Book A Dowling Family of the South

    Book Details:
  • Author : R a 1922- Dowling
  • Publisher : Hassell Street Press
  • Release : 2021-09-09
  • ISBN : 9781014019486
  • Pages : 502 pages

Download or read book A Dowling Family of the South written by R a 1922- Dowling and published by Hassell Street Press. This book was released on 2021-09-09 with total page 502 pages. Available in PDF, EPUB and Kindle. Book excerpt: This work has been selected by scholars as being culturally important and is part of the knowledge base of civilization as we know it. This work is in the public domain in the United States of America, and possibly other nations. Within the United States, you may freely copy and distribute this work, as no entity (individual or corporate) has a copyright on the body of the work. Scholars believe, and we concur, that this work is important enough to be preserved, reproduced, and made generally available to the public. To ensure a quality reading experience, this work has been proofread and republished using a format that seamlessly blends the original graphical elements with text in an easy-to-read typeface. We appreciate your support of the preservation process, and thank you for being an important part of keeping this knowledge alive and relevant.

Book Finding Chika

Download or read book Finding Chika written by Mitch Albom and published by HarperCollins.
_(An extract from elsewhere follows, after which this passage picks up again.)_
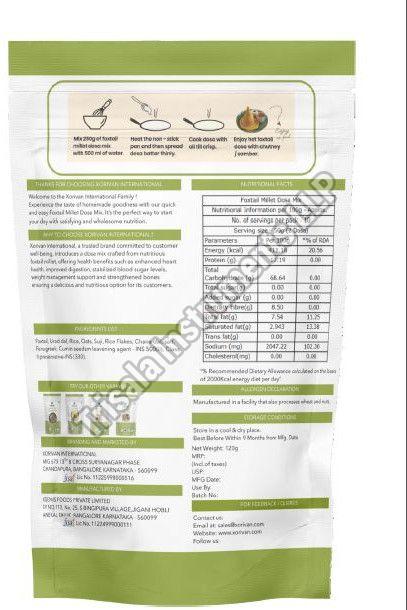 We offer a premium Foxtail Millet Dosa Mix certified by FSSAI, sourced from India. Our mix is perfect for preparing healthy dosas, made with high-quality ingredients including Urad Dal. Each pack weighs 120g and has a shelf life of 6-12 months. Store in an airtight container for freshness. Ideal for exporters, suppliers, and traders looking to provide a nutritious and convenient dosa solution to their customers.

This book was released on 2019-11-05 with total page 256 pages. Available in PDF, EPUB and Kindle. Book excerpt: "Mitch Albom has done it again with this moving memoir of love and loss. You can’t help but fall for Chika. A page-turner that will no doubt become a classic.” --Mary Karr, author of The Liars’ Club and The Art of Memoir From the #1 New York Times bestselling author of Tuesdays With Morrie comes Mitch Albom’s most personal story to date: an intimate and heartwarming memoir about what it means to be a family and the young Haitian orphan whose short life would forever change his heart. Chika Jeune was born three days before the devastating earthquake that decimated Haiti in 2010. She spent her infancy in a landscape of extreme poverty, and when her mother died giving birth to a baby brother, Chika was brought to The Have Faith Haiti Orphanage that Albom operates in Port Au Prince. With no children of their own, the forty-plus children who live, play, and go to school at the orphanage have become family to Mitch and his wife, Janine. Chika’s arrival makes a quick impression. Brave and self-assured, even as a three-year-old, she delights the other kids and teachers. But at age five, Chika is suddenly diagnosed with something a doctor there says, “No one in Haiti can help you with.” Mitch and Janine bring Chika to Detroit, hopeful that American medical care can soon return her to her homeland. Instead, Chika becomes a permanent part of their household, and their lives, as they embark on a two-year, around-the-world journey to find a cure. As Chika’s boundless optimism and humor teach Mitch the joys of caring for a child, he learns that a relationship built on love, no matter what blows it takes, can never be lost. Told in hindsight, and through illuminating conversations with Chika herself, this is Albom at his most poignant and vulnerable. Finding Chika is a celebration of a girl, her adoptive guardians, and the incredible bond they formed—a devastatingly beautiful portrait of what it means to be a family, regardless of how it is made.